Every entry that follows is to be set down exactly, with its pictures omitted.
Supplied material Start Marker
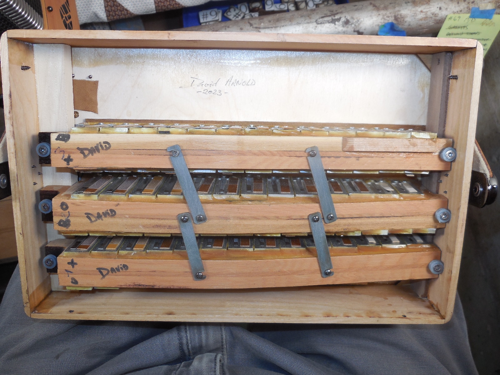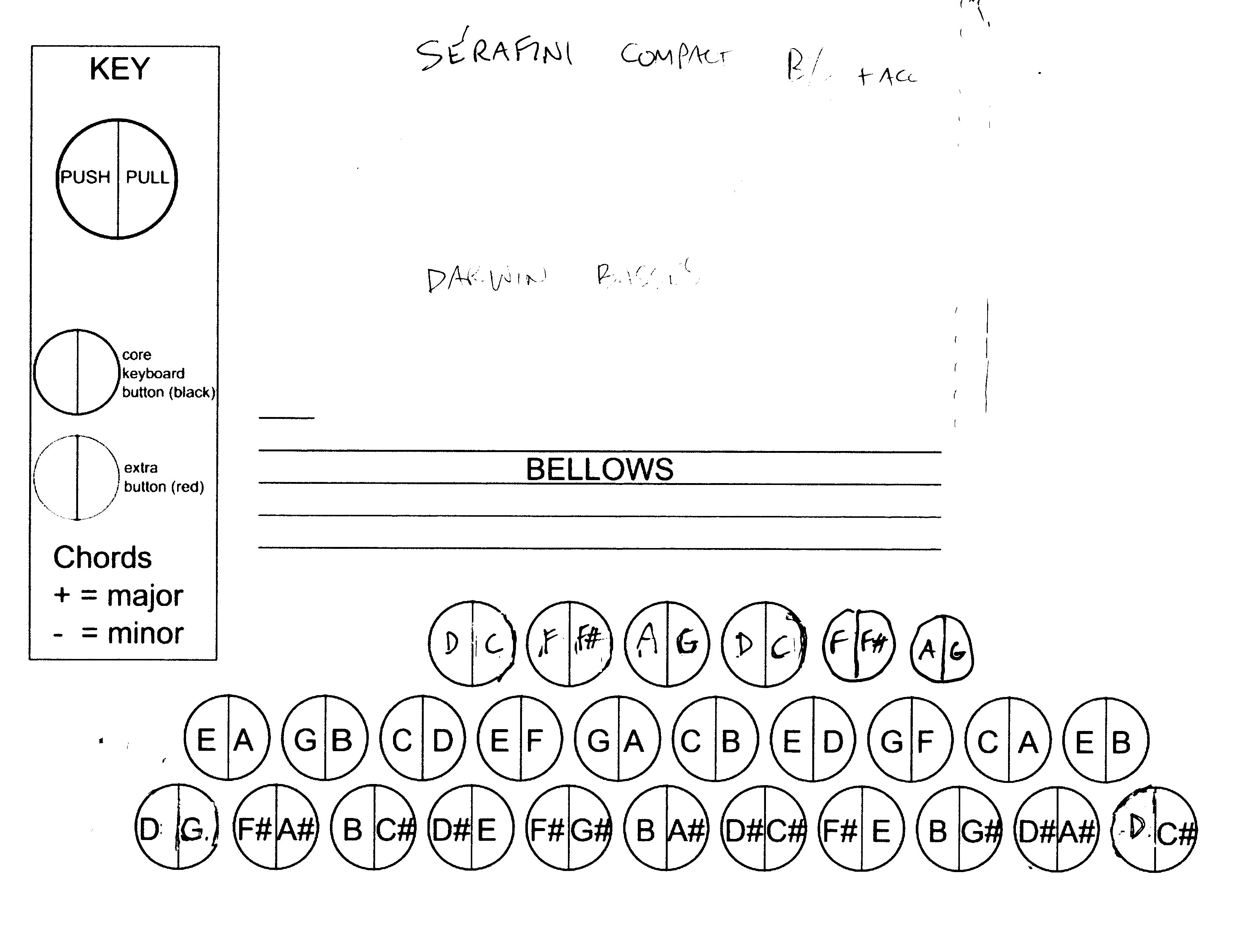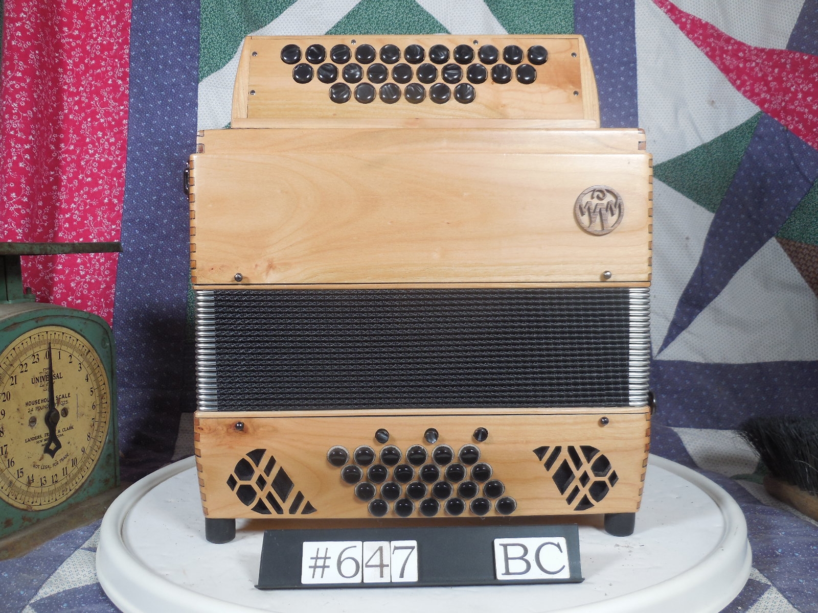 Sérafini Darwin 3 voice accordion in BC. Cherry wood. Reeds are Voci Armoniche Tipo a Mano
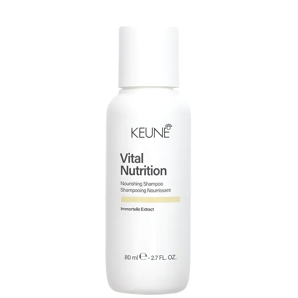Keune Care Vital Nutrition Shampoo - забезпечує делікатне очищення та інтенсивне живлення для сухого й пошкодженого волосся. Спеціально розроблена формула допомагає зміцнити волосся, зберегти оптимальний рівень зволоження та надати природного сяйва. Зволожувальні інгредієнти легко розплутують, відновлюють м’якість, блиск та слухняність, залишають волосся помітно здоровішим та приємно м’яким на дотик. Завдяки легкій формулі підходить для щоденного використання. Активні компоненти: Шампунь відновлювальний для пошкодженого волосся "Основне живлення", 80 мл Shampoo Vital Nutrition Care KEUNE Особливості продукту: Шампунь відновлювальний для пошкодженого волосся "Основне живлення", 80 мл Shampoo Vital Nutrition Care KEUNE Застосування: Шампунь відновлювальний для пошкодженого волосся "Основне живлення", 80 мл Shampoo Vital Nutrition Care KEUNE Нанести на вологе волосся, спінити масажними рухами, ретельно змити водою. За потреби повторити.Шампунь відновлювальний для пошкодженого волосся "Основне живлення" Shampoo Vital Nutrition Care KEUNE
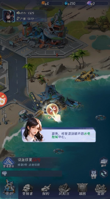 2、开启主线任务,能让你快速熟悉游戏的基本玩法,第一步是修复主控中心。
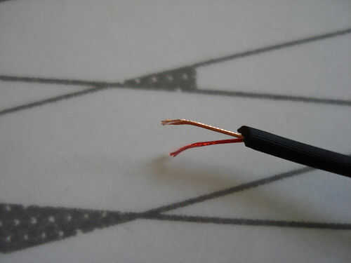A continuación, tira de los cables. Usted puede notar algún material de fibra-como con los conductores de sí mismos. Tira estas cosas hacia fuera con su cuchillo o no ser capaz de obtener una sólida conexión de auriculares al altavoz (gracias a Richard en mi local de Radio Shack en aquél). Como alternativa, puede utilizar un soldador para grabar estas cosas lejos. He encontrado este método mucho más fácil y más eficaz.
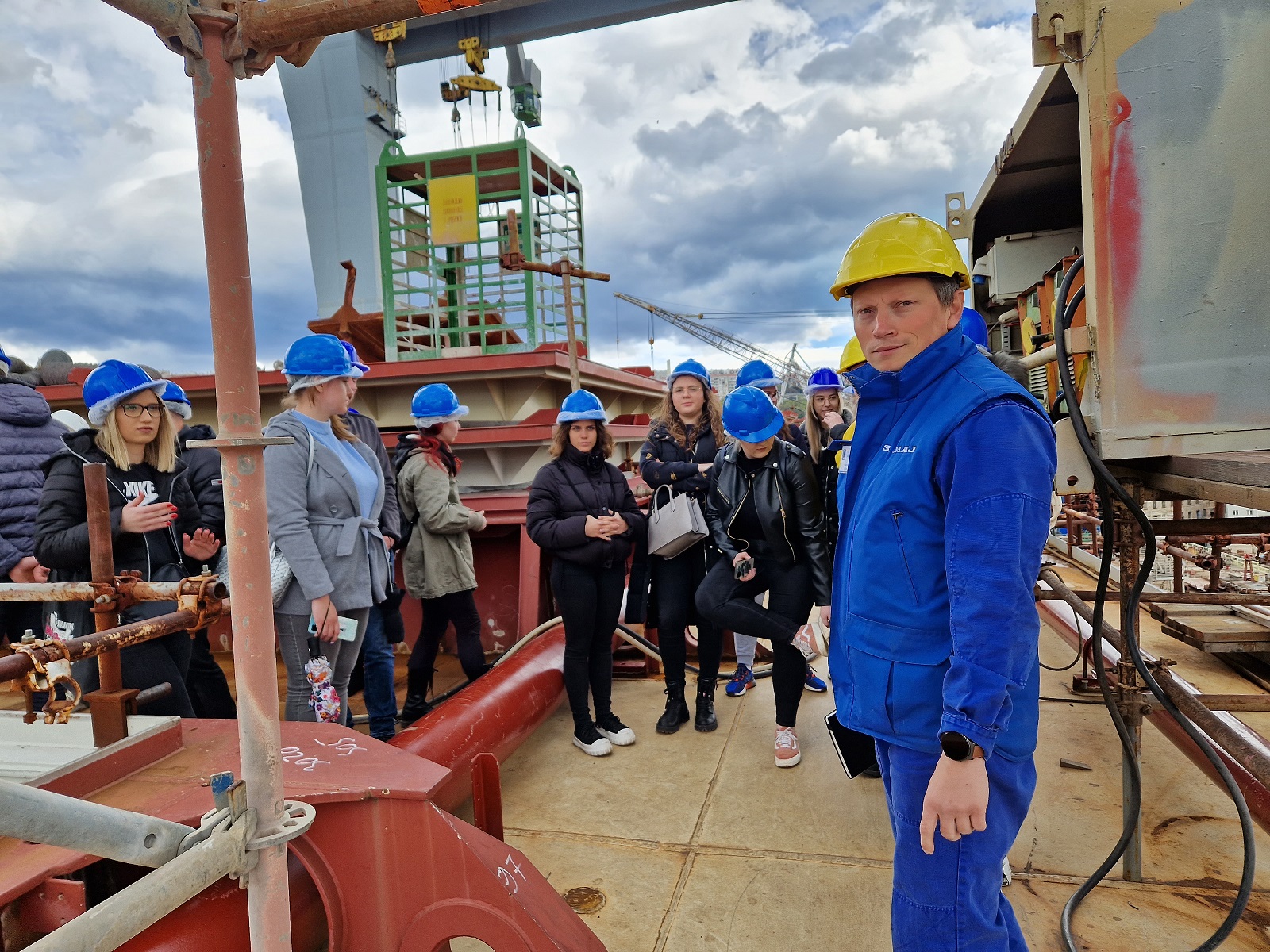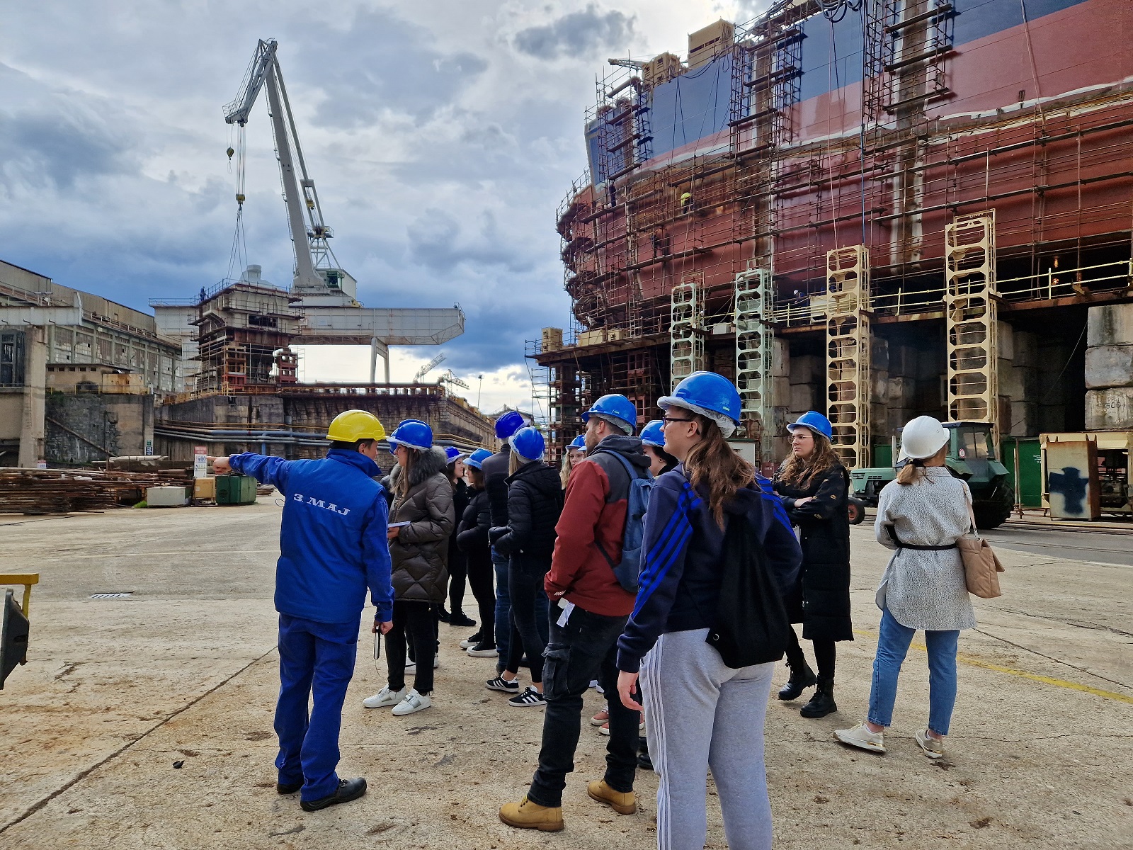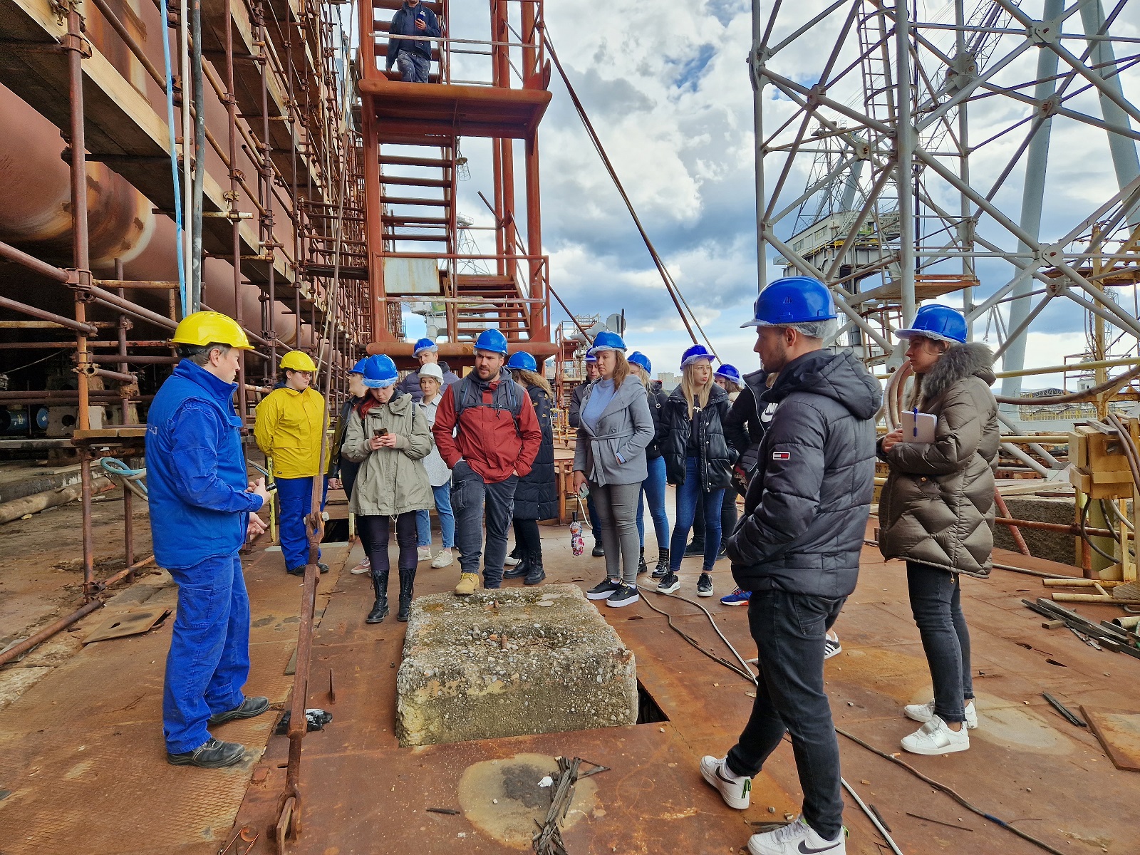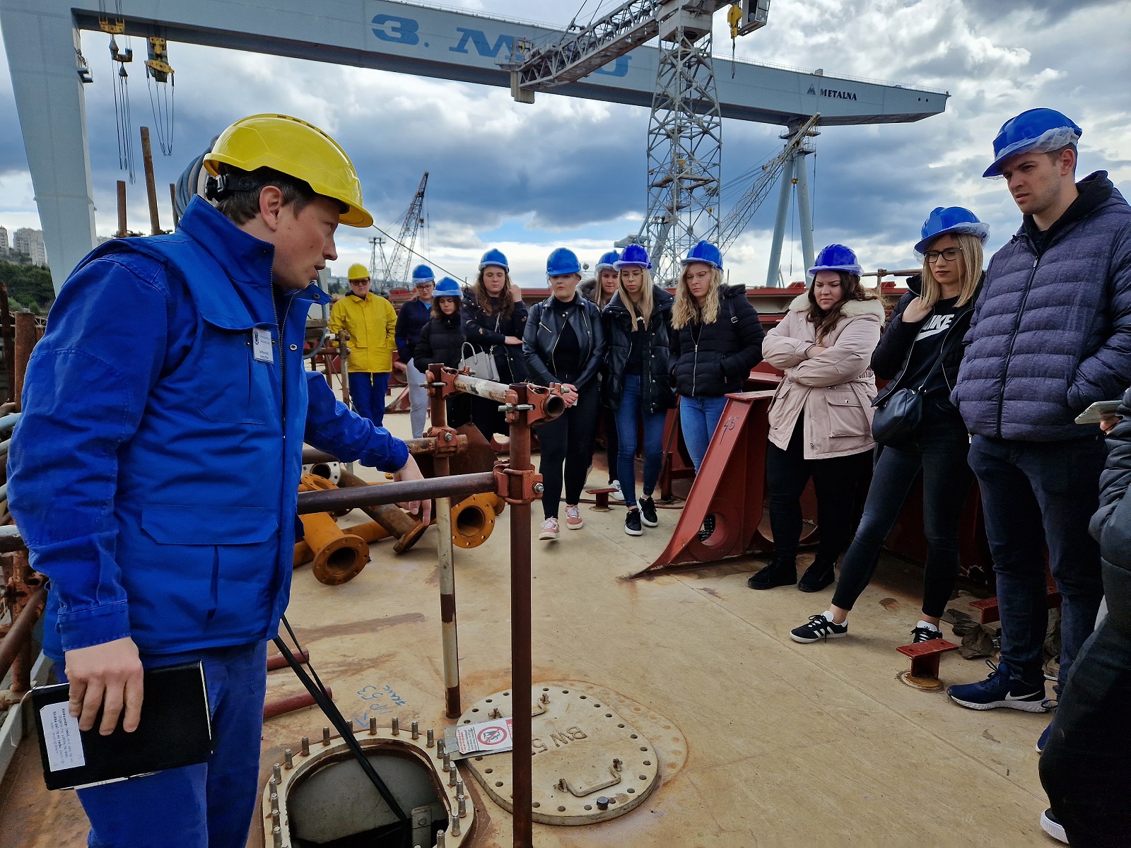Uz stručno vodstvo stručnjaka zaštite na radu Aleksandra Jokića i Antonije Vrbić studenti su imali prilike obići Brodogradilište te se uvjeriti u visoku razinu sigurnosti na radu koja tamo vlada. Osim Brodogradilišta, studenti su obišli i brod u izgradnji, što je bilo posebno zanimljivo s obzirom na posebne uvjete koji vladaju u ovoj fazi izgradnje.
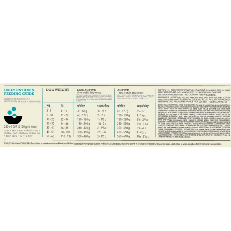 Oparta na naturalnych składnikach, pełnowartościowa i zbilansowana sucha karma dla psów starszych wszystkich ras. Acana Wild Coast jest bezzbożowa i zawiera wysokiej jakości białko pochodzące z mięsa ryb poławianych w naturalnym środowisku z okolic wyspy Vancouver.
Supplied material End Marker
▸ **Completed exercise**
 Sérafini Darwin 3 voice accordion in BC. Cherry wood. Reeds are Voci Armoniche Tipo a Mano
Keune Care Vital Nutrition Shampoo - забезпечує делікатне очищення та інтенсивне живлення для сухого й пошкодженого волосся. Спеціально розроблена формула допомагає зміцнити волосся, зберегти оптимальний рівень зволоження та надати природного сяйва. Зволожувальні інгредієнти легко розплутують, відновлюють м’якість, блиск та слухняність, залишають волосся помітно здоровішим та приємно м’яким на дотик. Завдяки легкій формулі підходить для щоденного використання. Активні компоненти: Шампунь відновлювальний для пошкодженого волосся "Основне живлення", 80 мл Shampoo Vital Nutrition Care KEUNE Особливості продукту: Шампунь відновлювальний для пошкодженого волосся "Основне живлення", 80 мл Shampoo Vital Nutrition Care KEUNE Застосування: Шампунь відновлювальний для пошкодженого волосся "Основне живлення", 80 мл Shampoo Vital Nutrition Care KEUNE Нанести на вологе волосся, спінити масажними рухами, ретельно змити водою. За потреби повторити.Шампунь відновлювальний для пошкодженого волосся "Основне живлення" Shampoo Vital Nutrition Care KEUNE
 2、开启主线任务,能让你快速熟悉游戏的基本玩法,第一步是修复主控中心。
A continuación, tira de los cables. Usted puede notar algún material de fibra-como con los conductores de sí mismos. Tira estas cosas hacia fuera con su cuchillo o no ser capaz de obtener una sólida conexión de auriculares al altavoz (gracias a Richard en mi local de Radio Shack en aquél). Como alternativa, puede utilizar un soldador para grabar estas cosas lejos. He encontrado este método mucho más fácil y más eficaz.
Uz stručno vodstvo stručnjaka zaštite na radu Aleksandra Jokića i Antonije Vrbić studenti su imali prilike obići Brodogradilište te se uvjeriti u visoku razinu sigurnosti na radu koja tamo vlada. Osim Brodogradilišta, studenti su obišli i brod u izgradnji, što je bilo posebno zanimljivo s obzirom na posebne uvjete koji vladaju u ovoj fazi izgradnje.
 Oparta na naturalnych składnikach, pełnowartościowa i zbilansowana sucha karma dla psów starszych wszystkich ras. Acana Wild Coast jest bezzbożowa i zawiera wysokiej jakości białko pochodzące z mięsa ryb poławianych w naturalnym środowisku z okolic wyspy Vancouver.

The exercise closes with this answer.